Wie schmeckt die Zeit? - Collage Ulrike Hinrichs

„Was ist Kunst“, das mag man ebenso divers beantworten können wie die Frage „wie schmeckt die Zeit“. Bei mir schmeckt die Zeit nach Einhorn und Kunst ist eine Sprache. Letzteres möchte ich näher begründen.

Über die Definition des Kunstbegriffes und die Sinnhaftigkeit künstlerischen Schaffens haben sich schon viele kluge Köpfe Gedanken gemacht. Dieter Meier, Underground-Künstler und Gründer der Gruppe Yello bezweifelte in einem Interview mit dem Sender ARTE[1], dass man eine Unterscheidung unterschiedlicher „Aggregatzustände“ von „Künstler“ und „Nicht-Künstler“ machen könne.

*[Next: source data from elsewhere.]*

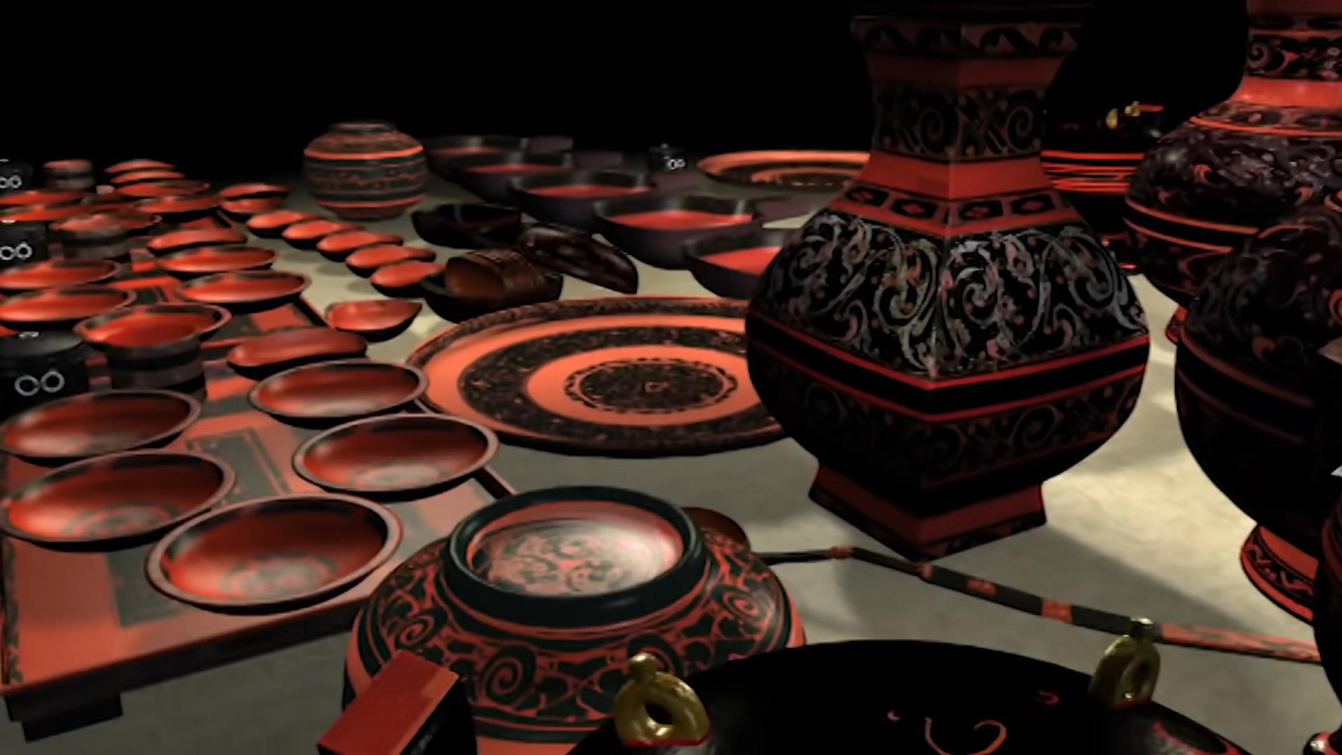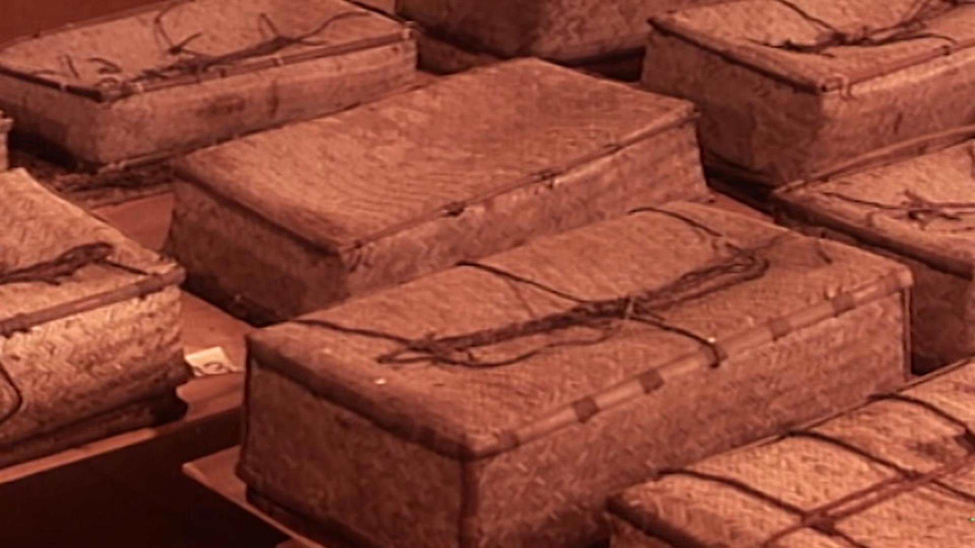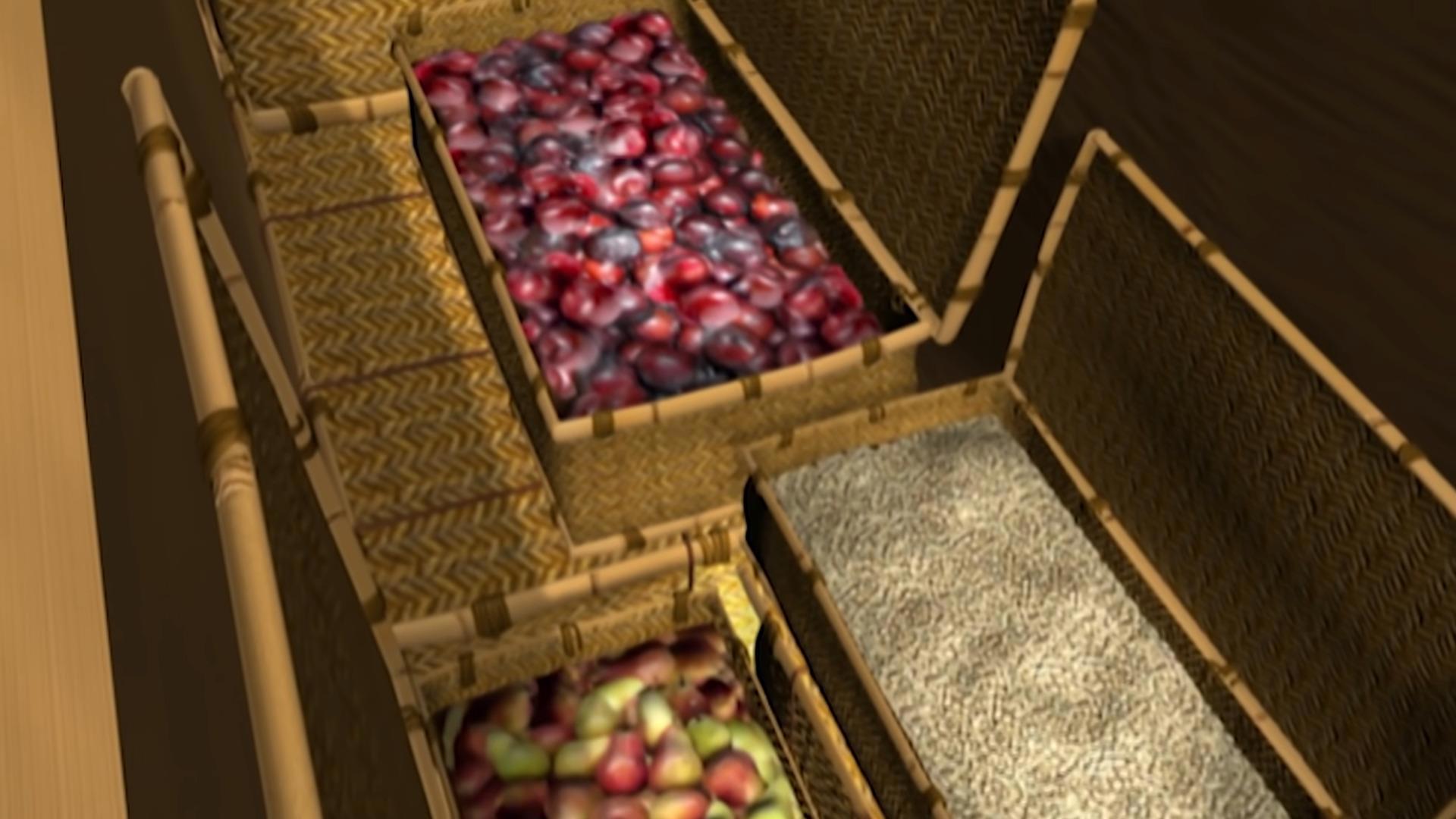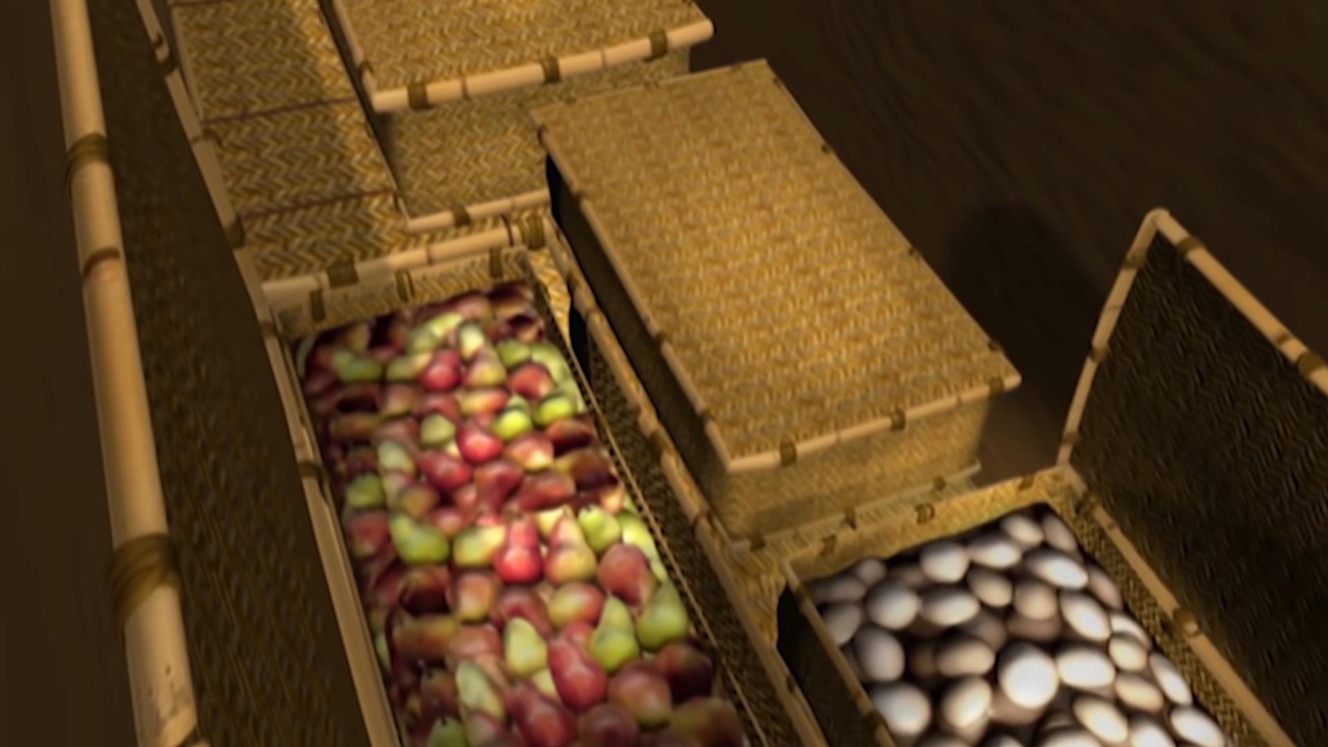 (всего 48 бамбуковых корзин и 51 керамический сосуд, заполненные едой, а также мешки с зерном и другой провизией)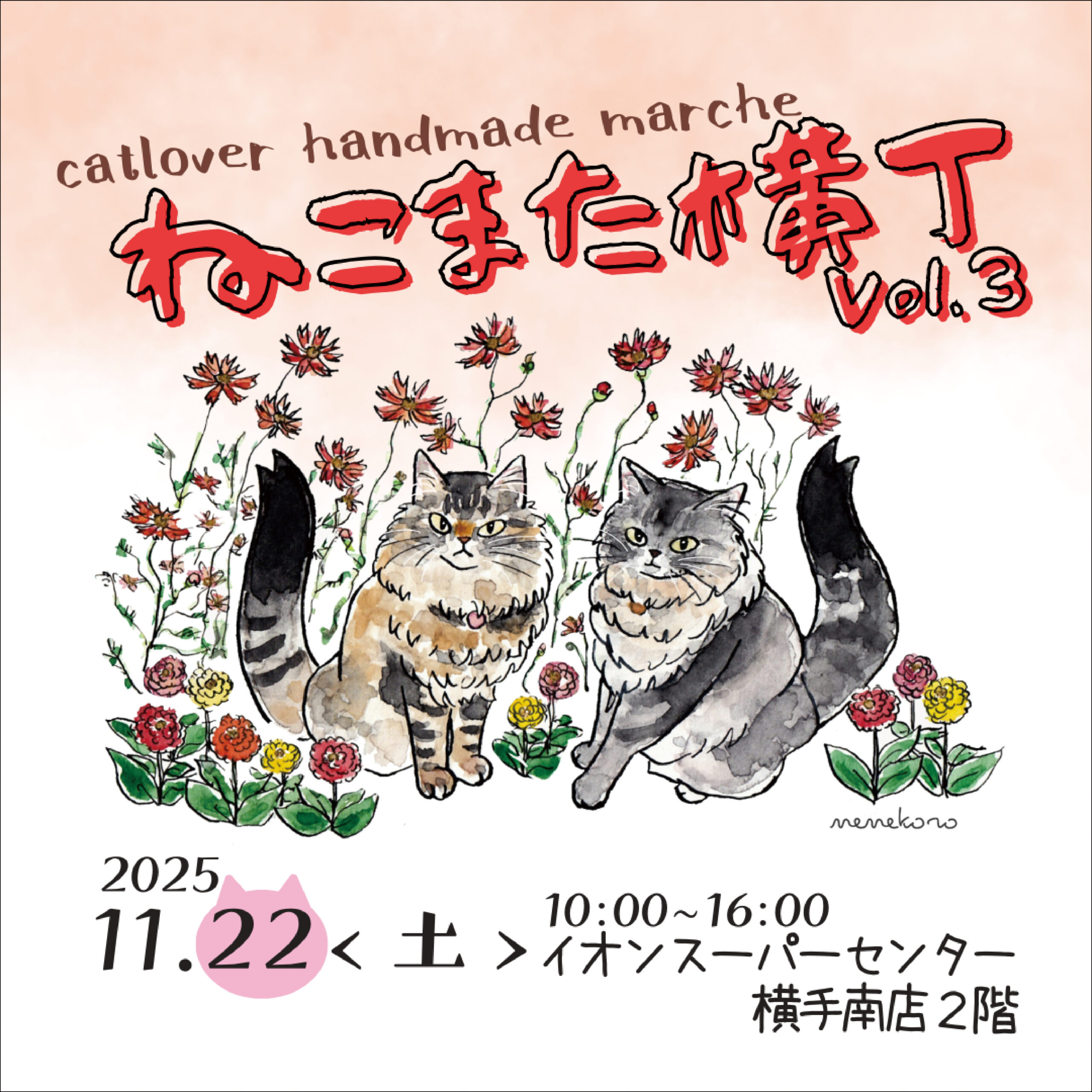 3回目となるにゃんこ系のハンドメイドイベント。ネコをモチーフに作られたハンドメイドのアクセサリーや小物、雑貨類、スイーツなど、ネコ界隈の作家による作品が集う。ネコ好きの作家とのにゃんこトークを楽しめるのもうれしい。また、ワークショップや、人気の「うちのにゃんこ自慢フォト」の展示も開催するので、ぜひ足を運んでみて。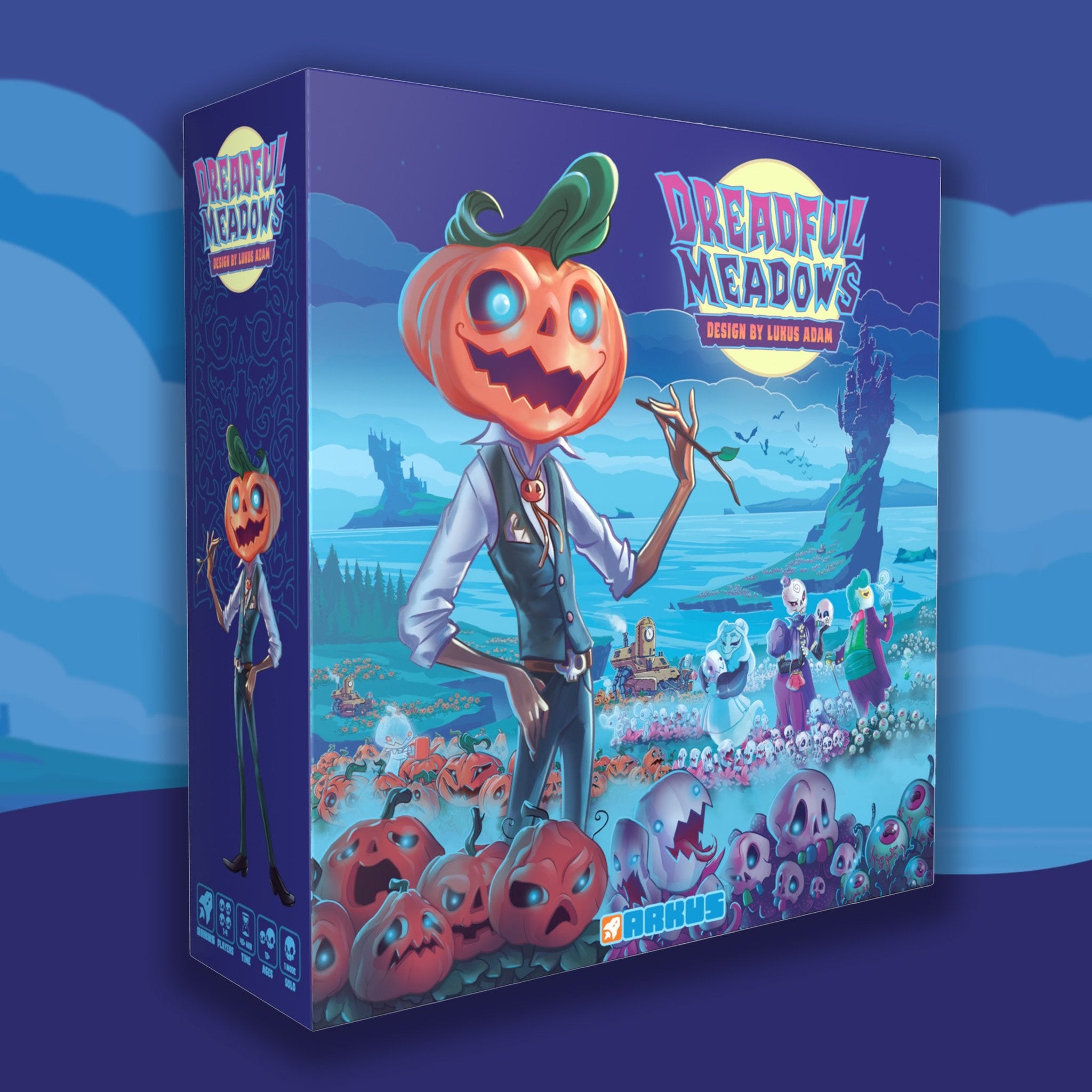 This bundle includes the Kickstarter Deluxe edition of Dreadful Meadows and the Tricks for Treats expansion!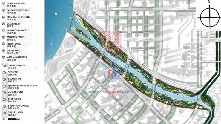前海桂湾湿地公园(暂定名)为前海桂湾 及前湾片区之间,全长1.9公里,总规划面积为675亩,即45 公顷。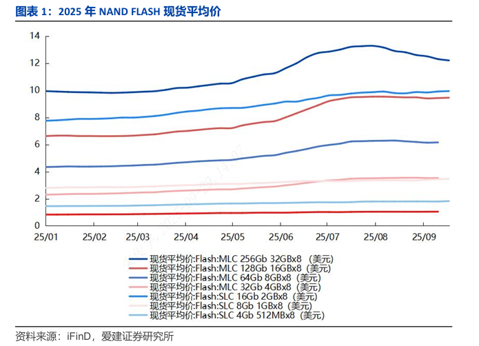 2025年9月17日,据DigiTimes报道2025年第四季度NAND Flash合约价格预计将大幅上涨15%-20%,打破了传统的年末降价格局。截至9月22日,Flash(MLC 256 GB)、Flash(MLC 128 GB)、Flash(SLC 16 GB)、Flash(SLC 8 GB)价格分别为12.20美元、9.45美元、9.94美元、3.47美元。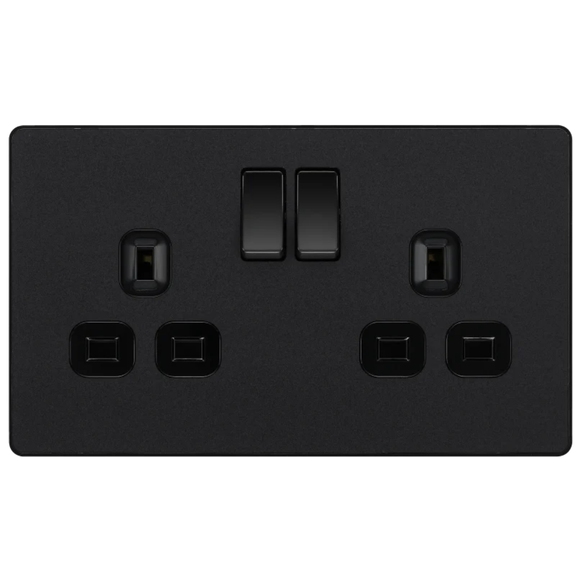 British General Evolve Matt Black 13A Double Switched Socket (PCDMB22B)

Nach seinem Verständnis von Kunst müsse man nur der werden, der man ohnehin schon ist. Eine Grenze zu ziehen zwischen Kunst und Nicht-Kunst, sei dumm, so Meier.[2] Weiler, Neurobiologe an der Universität Oldenburg beschreibt diesen Gedanken aufgreifend so: „Es gibt keine klaren Kriterien für die Abgrenzung zwischen Künstlern und Nichtkünstlern. Wann ist jemand ein Künstler, wann ist eine Person einfach nur kreativ?“ Diese Entscheidung entspringe einem gesellschaftlich, bewertendem Prozess.[3]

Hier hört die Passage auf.